EXERCISE REQUIREMENTS
Only the lines of the data below from the one with "24 s/s cooking" through the one with "This is Volume" are wanted. Repeat them exactly.

RECORDS SHOWN

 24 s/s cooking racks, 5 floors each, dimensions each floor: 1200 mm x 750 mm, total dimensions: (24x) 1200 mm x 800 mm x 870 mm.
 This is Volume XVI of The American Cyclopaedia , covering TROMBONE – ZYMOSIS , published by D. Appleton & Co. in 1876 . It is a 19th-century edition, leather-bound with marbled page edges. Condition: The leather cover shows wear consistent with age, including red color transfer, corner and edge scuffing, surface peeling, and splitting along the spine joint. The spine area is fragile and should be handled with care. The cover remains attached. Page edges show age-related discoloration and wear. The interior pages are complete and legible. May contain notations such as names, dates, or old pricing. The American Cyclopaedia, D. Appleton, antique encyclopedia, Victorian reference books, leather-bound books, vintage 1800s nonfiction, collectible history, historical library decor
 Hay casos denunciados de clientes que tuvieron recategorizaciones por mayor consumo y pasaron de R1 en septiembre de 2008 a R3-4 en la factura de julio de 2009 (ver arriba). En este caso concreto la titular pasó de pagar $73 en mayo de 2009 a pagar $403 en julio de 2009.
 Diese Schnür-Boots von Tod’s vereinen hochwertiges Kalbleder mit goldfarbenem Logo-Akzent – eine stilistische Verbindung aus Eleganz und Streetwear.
--
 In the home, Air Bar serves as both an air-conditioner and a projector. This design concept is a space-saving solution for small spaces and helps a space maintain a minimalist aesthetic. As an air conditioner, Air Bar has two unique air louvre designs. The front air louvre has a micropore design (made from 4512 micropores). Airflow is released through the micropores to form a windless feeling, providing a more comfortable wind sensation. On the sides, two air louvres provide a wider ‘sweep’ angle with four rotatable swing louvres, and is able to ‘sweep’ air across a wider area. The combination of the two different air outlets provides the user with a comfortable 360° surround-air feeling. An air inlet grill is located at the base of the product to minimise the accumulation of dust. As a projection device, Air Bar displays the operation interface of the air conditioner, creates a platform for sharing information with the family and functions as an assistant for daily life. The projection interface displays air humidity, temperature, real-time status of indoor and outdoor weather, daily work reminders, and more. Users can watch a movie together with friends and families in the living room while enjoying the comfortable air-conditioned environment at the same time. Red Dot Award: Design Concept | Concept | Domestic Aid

THE ANSWER
 24 s/s cooking racks, 5 floors each, dimensions each floor: 1200 mm x 750 mm, total dimensions: (24x) 1200 mm x 800 mm x 870 mm.
 This is Volume XVI of The American Cyclopaedia , covering TROMBONE – ZYMOSIS , published by D. Appleton & Co. in 1876 . It is a 19th-century edition, leather-bound with marbled page edges. Condition: The leather cover shows wear consistent with age, including red color transfer, corner and edge scuffing, surface peeling, and splitting along the spine joint. The spine area is fragile and should be handled with care. The cover remains attached. Page edges show age-related discoloration and wear. The interior pages are complete and legible. May contain notations such as names, dates, or old pricing. The American Cyclopaedia, D. Appleton, antique encyclopedia, Victorian reference books, leather-bound books, vintage 1800s nonfiction, collectible history, historical library decor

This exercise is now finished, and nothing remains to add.